** RECORDED INFORMATION follows **

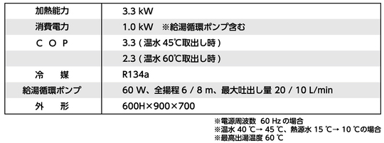 大温度差給湯、循環昇温の両運転モードを搭載
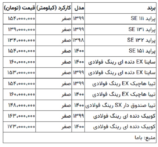 اقتصادآنلاین: گزارش ها در بازار خودرو نشان می دهد که تیبا ۱۶۰ میلیون تومان قیمت پیدا کرده است. در جدول بالا قیمت روز انواع پراید، تیبا، کوییک و ساینا در بازار آزاد را مشاهده می‌کنید.
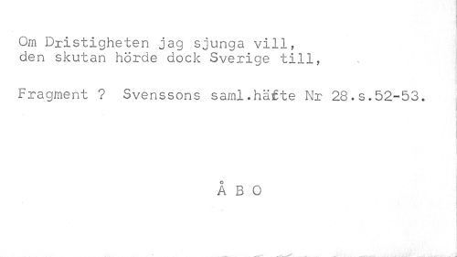 //// \ //// Om Dristigheten jag sjunga vill, den skutan hörde dock Sverige till, //// Fragment ? Svenssons saml.häfte Nr 28.s.52-53. //// ÅBO ////
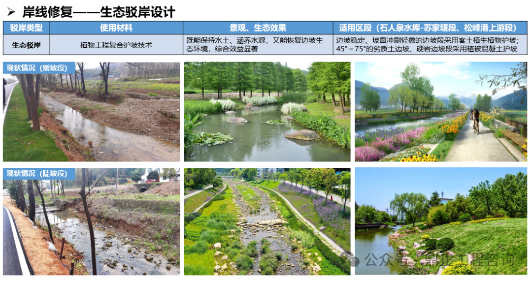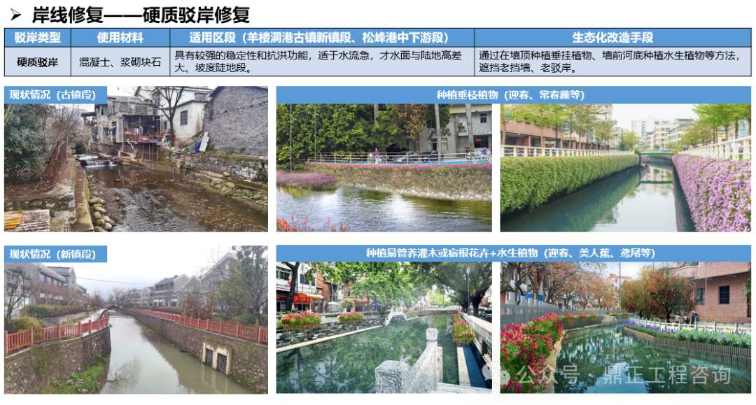 生態(tài)方面,打造“羊樓生態(tài)廊”,以水提質(zhì),修復(fù)流域生態(tài),即實(shí)施一批駁岸整治、水質(zhì)提升、生境構(gòu)建等河道治理措施進(jìn)行水岸共治。針對(duì)水生態(tài)的修復(fù),根據(jù)不同水體類(lèi)型提出技術(shù)方式;對(duì)于岸線的修復(fù),又針對(duì)不同的駁岸類(lèi)型提出適用的整治措施。

** End of RECORDED INFORMATION **

WHAT IS EXPECTED
Starting at the line that holds "اقتصادآنلاین: گزارش ها", repeat every line through the end of the listing exactly as written, skipping any picture.

TASK RESPONSE
 اقتصادآنلاین: گزارش ها در بازار خودرو نشان می دهد که تیبا ۱۶۰ میلیون تومان قیمت پیدا کرده است. در جدول بالا قیمت روز انواع پراید، تیبا، کوییک و ساینا در بازار آزاد را مشاهده می‌کنید.
 //// \ //// Om Dristigheten jag sjunga vill, den skutan hörde dock Sverige till, //// Fragment ? Svenssons saml.häfte Nr 28.s.52-53. //// ÅBO ////
 生態(tài)方面,打造“羊樓生態(tài)廊”,以水提質(zhì),修復(fù)流域生態(tài),即實(shí)施一批駁岸整治、水質(zhì)提升、生境構(gòu)建等河道治理措施進(jìn)行水岸共治。針對(duì)水生態(tài)的修復(fù),根據(jù)不同水體類(lèi)型提出技術(shù)方式;對(duì)于岸線的修復(fù),又針對(duì)不同的駁岸類(lèi)型提出適用的整治措施。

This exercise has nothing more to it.